The Boolean satisfiability problem is to determine whether there is a way to assign values to variables in a set of Boolean formulas to make the formulas hold [1]. If there is a solution, the next task would be to enumerate the solutions.

You can solve the famous eight queens problem, or its generalization to n-queens, by formulating the problem as a Boolean formula then using a SAT solver to find the solutions.

It’s pretty obvious how to start. A chessboard is an 8 by 8 grid, so you have a variable for each square on the board, representing whether or not that square holds a queen. Call the variables b_ij where i and j run from 1 to 8.

The requirement that every row contains exactly one queen can be turned into two subrequirements:

1. Each row contains at least one queen.
2. Each row contains at most one queen.

The first requirement is easy. For each row i, we have a clause

b_i1 ∨ b_i2 ∨ b_i3 ∨ … ∨ b_i8

The second requirement is harder. How do you express in terms of our boolean variables that there is no more than one queen in each row? This is the key difficulty. If we can solve this problem, then we’re essentially done. We just need to do the analogous thing for columns and diagonals. (We don’t require a queen on every diagonal, but we require that there be at most one queen on every diagonal.)

First approach

There are two ways to encode the requirement that every row contain at most one queen. The first is to use implication. If there’s a queen in the first column, then there is not a queen in the remaining columns. If there’s a queen in the second column, then there is not a queen in all but the second column, etc. We have an implication for each row in each column. Let’s just look at the first row and first column.

b₁₁ ⇒ ¬ (b₁₂ ∨ b₁₃ ∨ … ∨ b₁₈)

We can turn an implication of the form a ⇒ b into the clause ¬a ∨ b.

Second approach

The second way to encode the requirement that every row contain at most one queen is to say that for every pair of squares in a row (a, b) either a has no queen or b has no queen. So for the first row we would have ₈C₂ = 28 clauses because there are 28 ways to choose pairs from a set of 8 things.

(¬b₁₁ ∨ ¬b₁₂) ∧ (¬b₁₁ ∨ ¬b₁₃) ∧ … ∧ (¬b₁₇ ∨ ¬b₁₈)
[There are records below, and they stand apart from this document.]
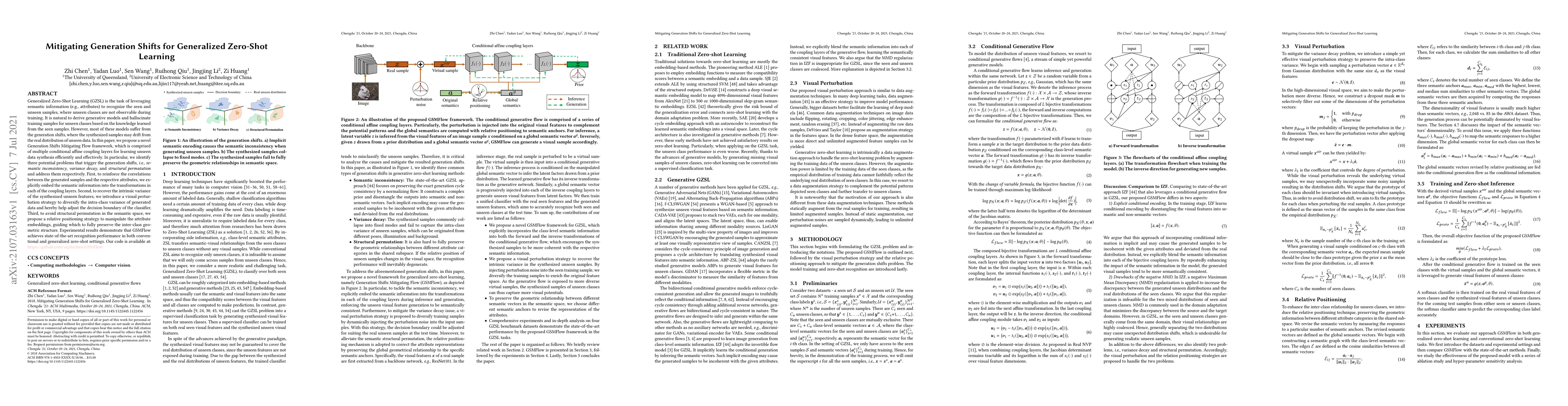 This paper proposes a novel framework called GSMFlow to mitigate generation shifts in zero-shot learning, achieving state-of-the-art recognition performance in both conventional and generalized settings.
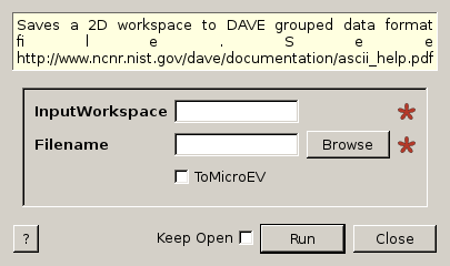 Saves a 2D workspace to DAVE grouped data format file.See http://www.ncnr.nist.gov/dave/documentation/ascii_help.pdf
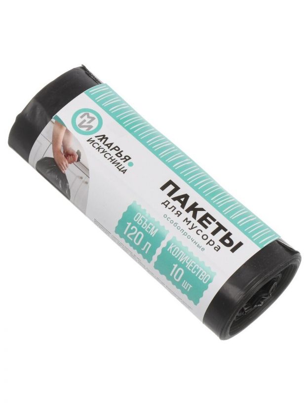 Пакеты для мусора 120 л, 10 шт, 30 мкм, особопрочные, Марья Искусница, 9817, черные
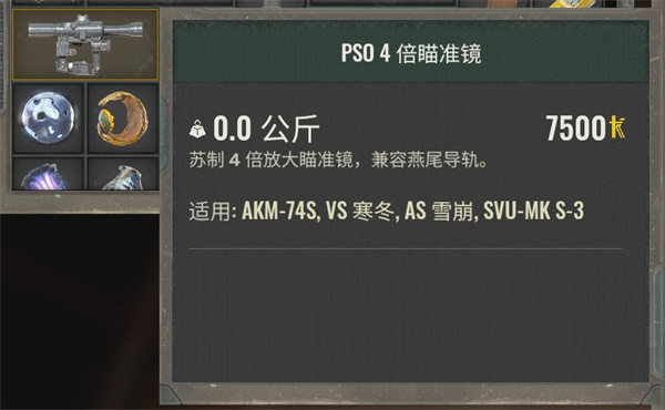 PS04倍瞄准镜获得需要去废料场里面的一堆铁架子中间找,这个镜子是苏制的4倍放大瞄准镜,适用于AKM-74S、VS寒冬、AS雪崩、SVU-MK S-3。
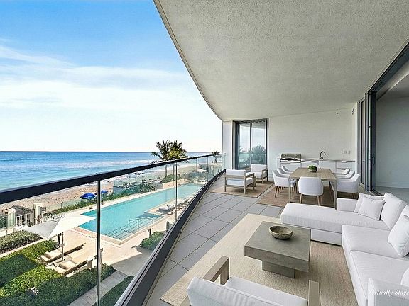 Welcome to SeaGlass on Jupiter Island, an ultra-luxury oceanfront residence offers sweeping Atlantic views and exceptional privacy. With only 21 exclusive residences, SeaGlass offers 24/7 security, resort-style living, and dedicated concierge services. This refined home features an open layout with floor-to-ceiling windows, marble flooring throughout, 3 ensuite bedrooms, club room, oversized terrace with summer kitchen, and a private 2 car garage. The gourmet kitchen is appointed with top-tier appliances, a Miele wine column, dual dishwashers, and custom Snaidero cabinetry. The primary suite offers terrace access, multiple closets, and his and her baths. Amenities include a 24-hour staffed lobby, infinity-edge pool, day dock, fitness center, yoga lawn, club room, fire pit, and pet areas.
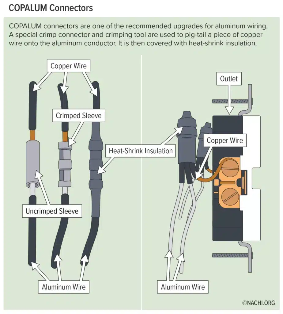 If your home has single strand aluminum you may be required to have \”remediation\” done to get home owners insurance. As mentioned before the only two types of connectors are Alumiconn and Copalum connectors. An electrician will need to install these at every outlet and light fixture. Due to the size of the alumiconn connectors they may also need to install larger junction boxes for the outlets. The current rate for an alumiconn connector sold in bulk is going to range from $3-$4. Each outlet will require 3 connectors(one for hot, neutral & ground) so you can see how this can get pretty expensive depending on the size of the home.
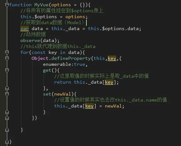 - 先定义初始化构造函数MyVue,通过它来获取我们传进来的数据data和定义的DOM节点范围,然后把data传进定义好的数据劫持方法observe。

An advantage of this approach is that it directly puts the problem into conjunctive normal form (CNF). That is, our formula is a conjunction of terms that contain only disjunctions, an AND of ORs.

Related posts

• Lessons Learned With the Z3 SAT/SMT Solver
• Special solutions to the eight queens problem
• How hard is constraint programming?

[1] You’ll see the SAT problem described as finding the solution to a Boolean formula. If you have multiple formulas, then the first holds, and the second, etc. So you can AND them all together to make one formula.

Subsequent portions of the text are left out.